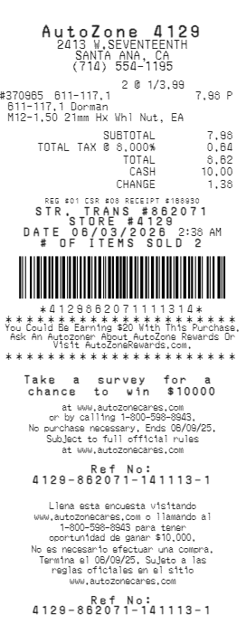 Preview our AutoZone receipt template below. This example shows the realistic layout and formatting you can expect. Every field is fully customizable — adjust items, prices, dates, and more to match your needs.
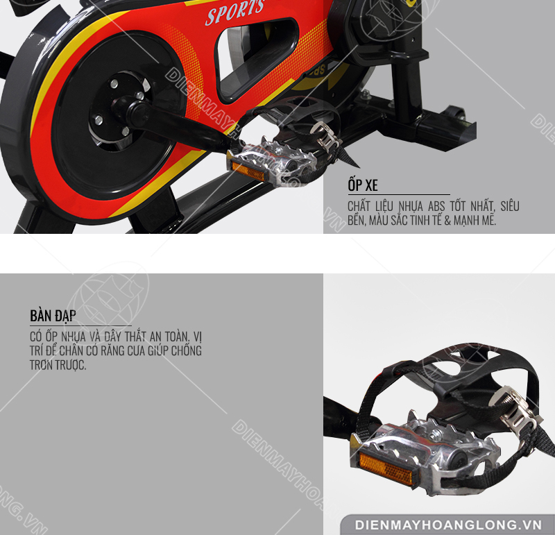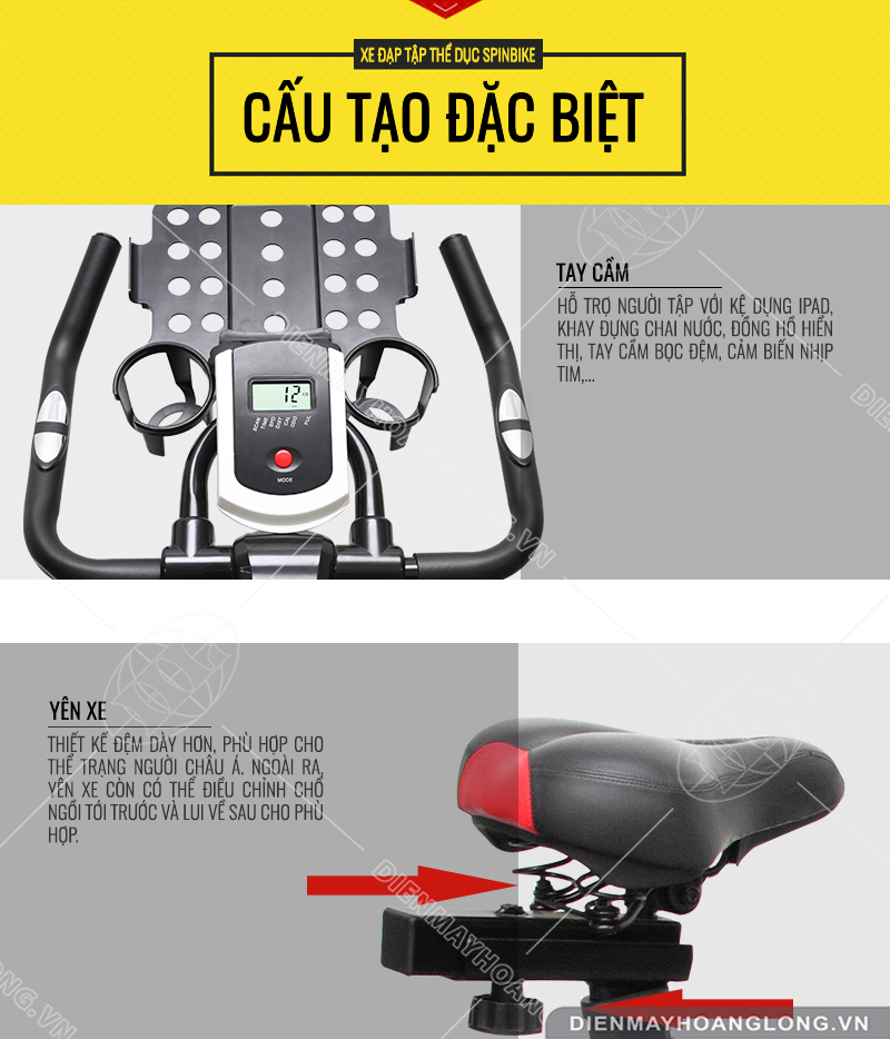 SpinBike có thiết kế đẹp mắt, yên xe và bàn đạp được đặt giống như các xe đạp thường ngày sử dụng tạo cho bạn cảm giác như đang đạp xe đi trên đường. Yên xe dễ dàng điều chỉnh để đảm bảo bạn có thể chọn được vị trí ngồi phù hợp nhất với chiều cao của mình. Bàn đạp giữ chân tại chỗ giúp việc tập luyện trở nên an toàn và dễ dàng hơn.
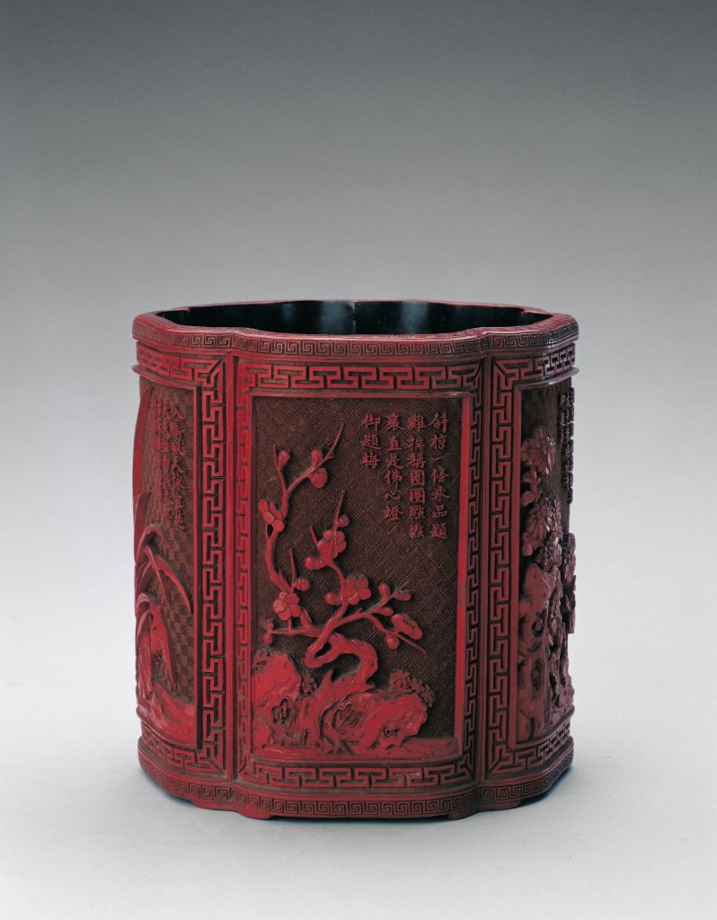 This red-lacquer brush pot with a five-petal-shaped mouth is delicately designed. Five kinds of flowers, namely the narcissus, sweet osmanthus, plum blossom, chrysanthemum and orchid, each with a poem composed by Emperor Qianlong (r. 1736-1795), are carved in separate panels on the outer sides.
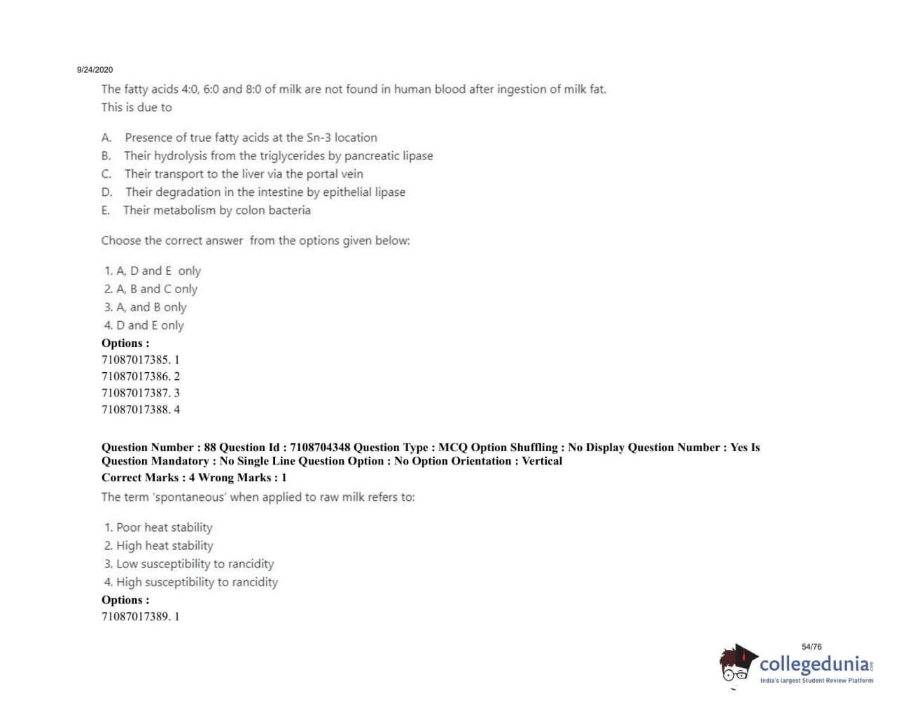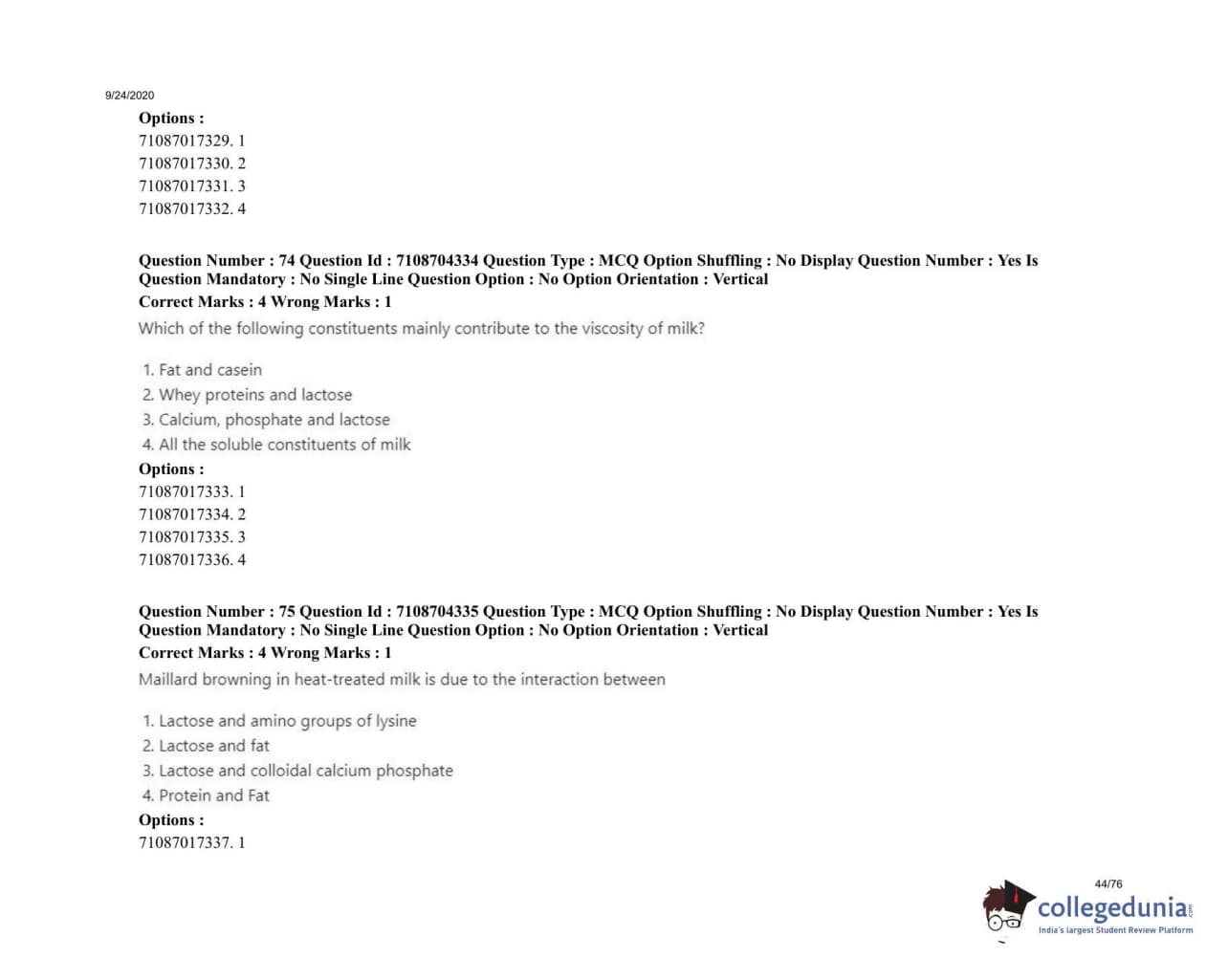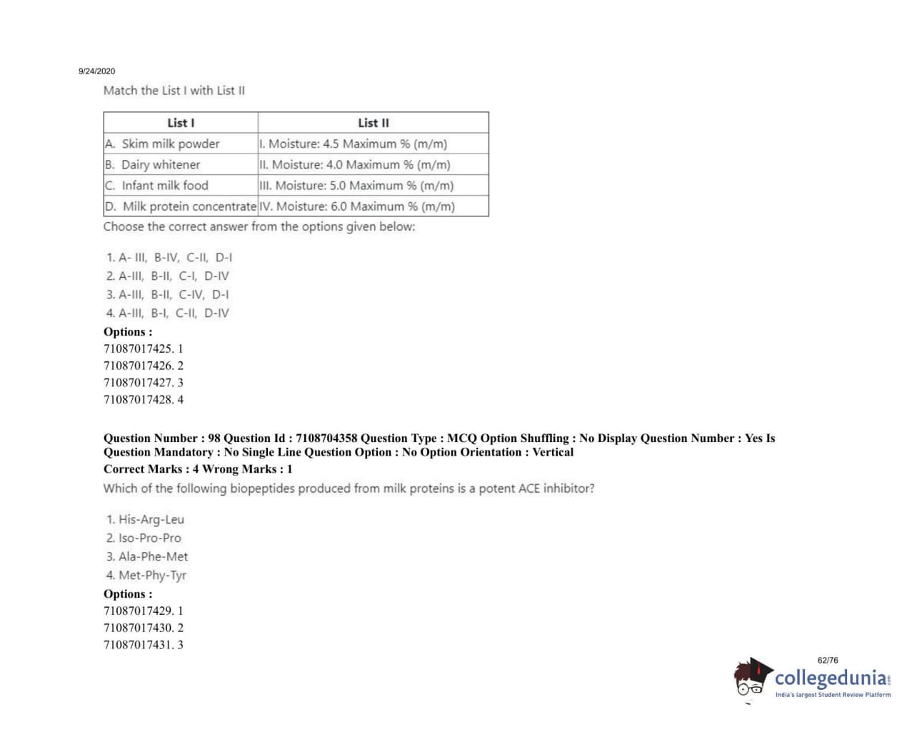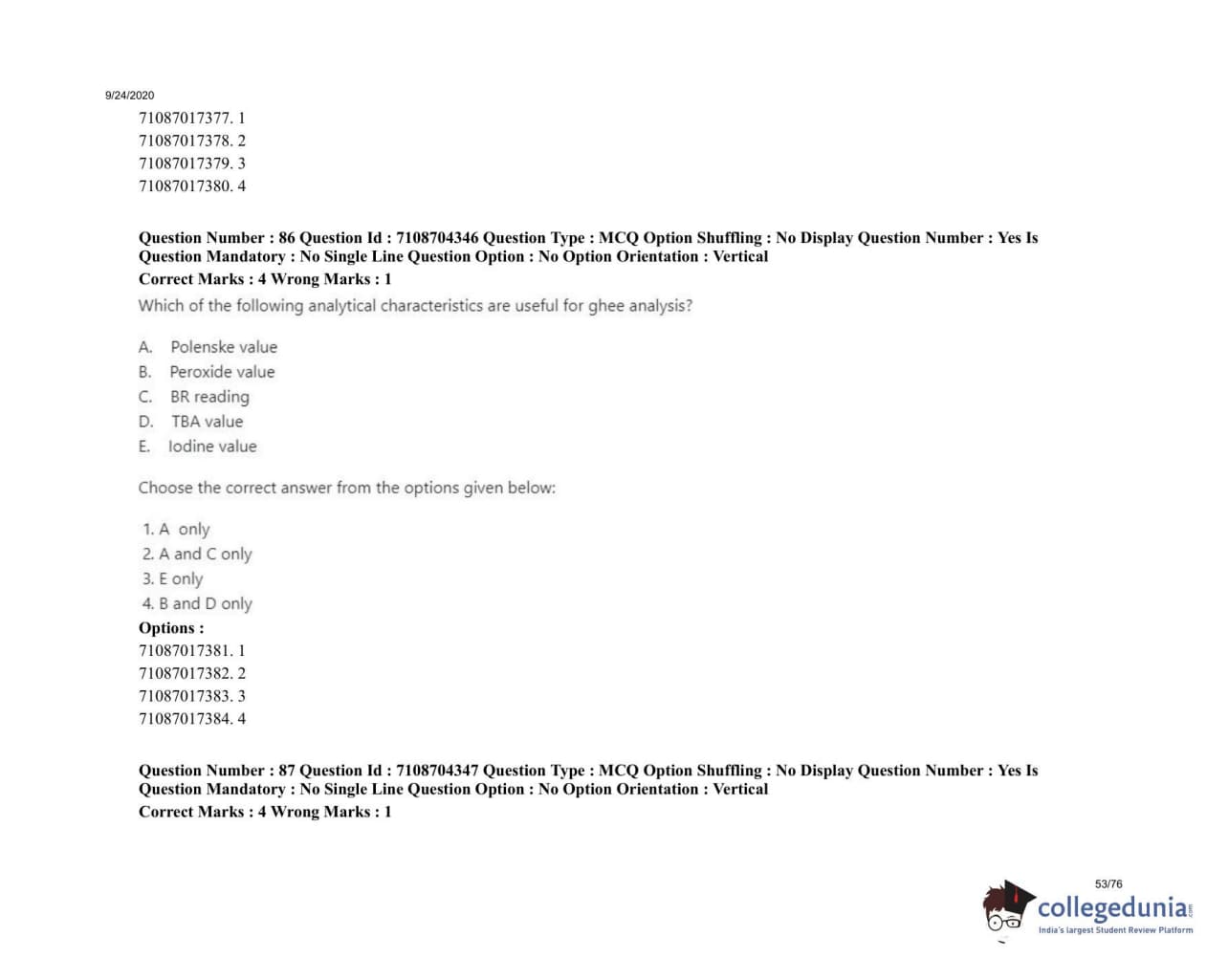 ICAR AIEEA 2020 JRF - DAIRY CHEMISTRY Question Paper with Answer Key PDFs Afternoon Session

☆ ☆ ☆ ☆ ☆

**Task description:** Copy the listing above word for word. Do not include the pictures.

**Written reply:**
 Preview our AutoZone receipt template below. This example shows the realistic layout and formatting you can expect. Every field is fully customizable — adjust items, prices, dates, and more to match your needs.
 SpinBike có thiết kế đẹp mắt, yên xe và bàn đạp được đặt giống như các xe đạp thường ngày sử dụng tạo cho bạn cảm giác như đang đạp xe đi trên đường. Yên xe dễ dàng điều chỉnh để đảm bảo bạn có thể chọn được vị trí ngồi phù hợp nhất với chiều cao của mình. Bàn đạp giữ chân tại chỗ giúp việc tập luyện trở nên an toàn và dễ dàng hơn.
 This red-lacquer brush pot with a five-petal-shaped mouth is delicately designed. Five kinds of flowers, namely the narcissus, sweet osmanthus, plum blossom, chrysanthemum and orchid, each with a poem composed by Emperor Qianlong (r. 1736-1795), are carved in separate panels on the outer sides.
 ICAR AIEEA 2020 JRF - DAIRY CHEMISTRY Question Paper with Answer Key PDFs Afternoon Session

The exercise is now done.